Солнце коснулось горизонта. Свет стал ещё мягче, ещё теплее. Тени удлинились.

– Скоро стемнеет, – заметила Алина. – Пойдём обратно?

– Пойдём.

Они отошли от перил, пошли по мосту обратно. Шли медленно, никуда не торопясь.

– А ты часто так гуляешь? – спросил Владимир. – Одна, по вечерам?

– Не очень. Но иногда нужно. Устаёшь от людей, от мастерской. Хочется тишины.

– Я тебе не мешаю тогда?

– Нет, – она посмотрела на него. – С тобой тишина другая. Не пустая. Наполненная.

Владимир не знал, что ответить. Просто кивнул.

Они шли по улочкам, возвращаясь к скверу. Город темнел, зажигались редкие фонари. Окна домов светились тёплым жёлтым светом.

– А твоя мама знает, что ты с кем-то гуляешь? – спросила Алина.

– Знает. Даже сказала, чтобы привёл тебя на ужин.

– Серьёзно? – Алина остановилась.

– Серьёзно. Но я сказал, что рано ещё.

– Почему рано?

Владимир замялся:

– Ну... мы же всего второй раз встречаемся. Тебе не странно будет?

Алина задумалась, потом рассмеялась:

– Знаешь, а мне всё равно. Я люблю знакомиться с интересными людьми. И если твоя мама такая же, как ты – наверное, мне понравится.

– Она совсем не такая, как я.

– Тем интереснее.

Они дошли до сквера.
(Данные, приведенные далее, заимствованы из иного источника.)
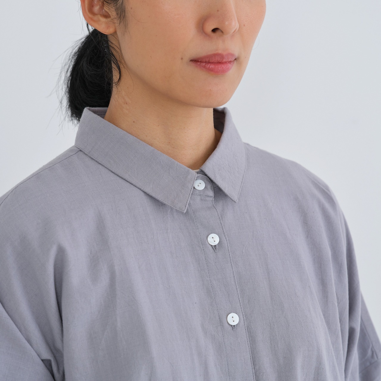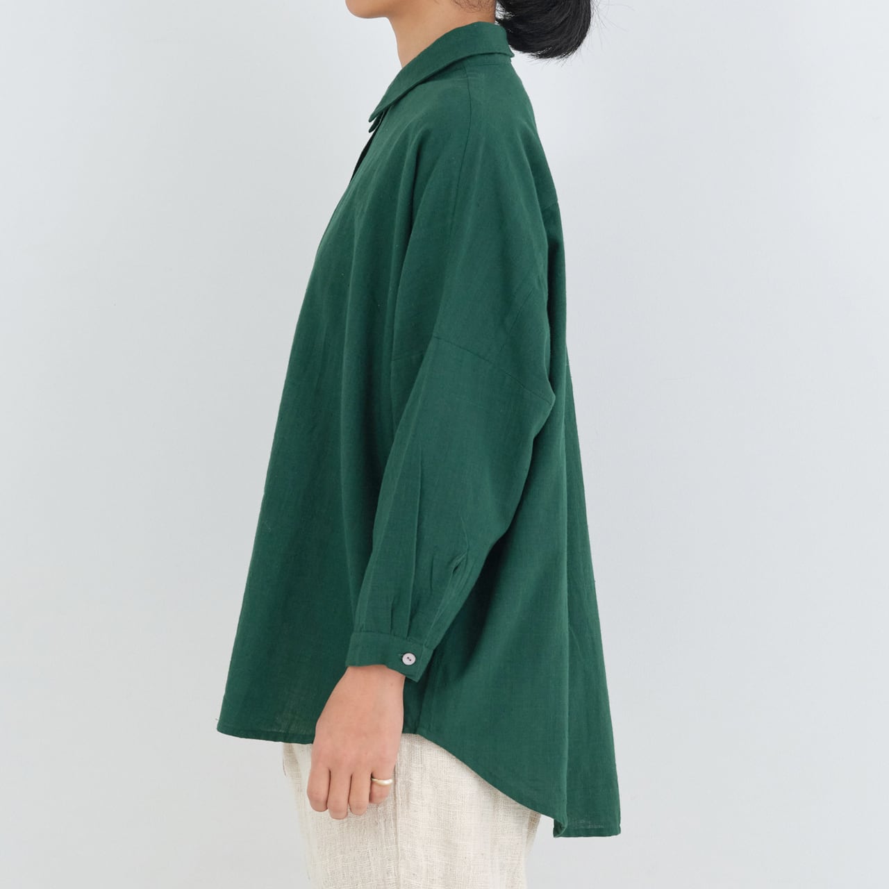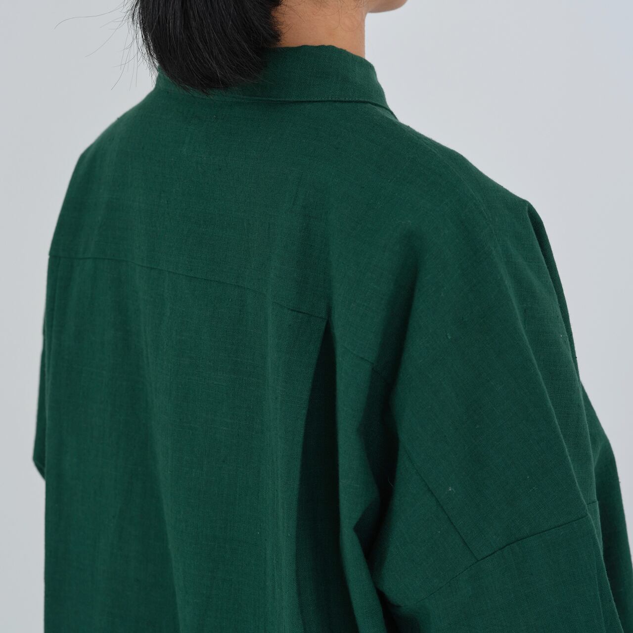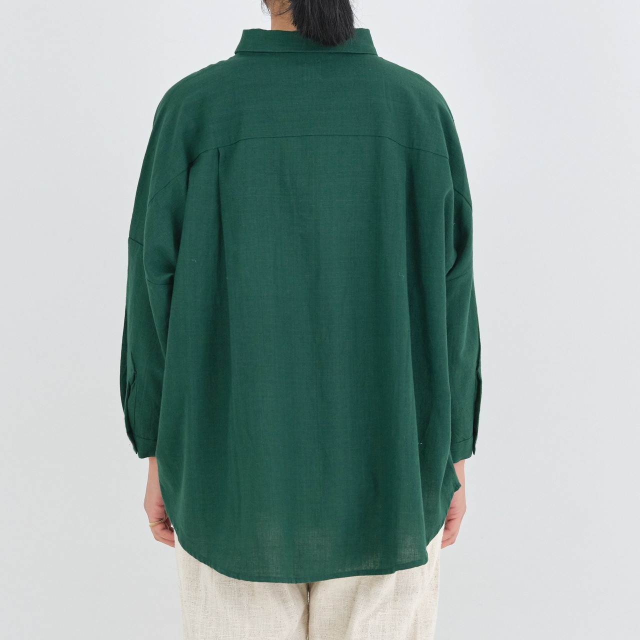 後ろ身頃はやや長めのライン。背中にタックを入れることで、動きやすいつくりになっています。肩や腰回りもゆったりと仕立てられており、華奢な方から大柄の方まで、幅広くおすすめするブラウスです。

Остановились у той самой скамейки, где встретились в первый раз.

– Спасибо, что показала мост, – сказал Владимир.

– Не за что. Приходи ещё, если хочешь. Я почти каждый вечер там бываю.

– Приду.

Они стояли, не зная, как прощаться. Пожать руку? Обняться? Просто кивнуть?

Алина решила за обоих – протянула руку:

– До встречи, Владимир.

Владимир пожал её руку – тёплую, маленькую:

– До встречи, Алина.

Она улыбнулась, развернулась и пошла своей дорогой. Владимир смотрел ей вслед – жёлтое платье мелькало между деревьями, потом скрылось за поворотом.

Он постоял ещё немного, потом пошёл домой.

На душе было легко. Разговор был ни о чём особенном – про груши, закаты, тишину. Но приятно. Просто. Тепло.

Владимир шёл по вечерней Москве, вспоминая Алину у моста, на фоне заката. Её профиль, волосы на ветру, задумчивая улыбка.

Интересное лицо. Живое.

Он улыбнулся в темноту и зашагал быстрее.

Дома ждала мать. А завтра – новый рабочий день.

Но сегодняшний вечер был хорошим.

Очень хорошим. И он был по своему счастлив.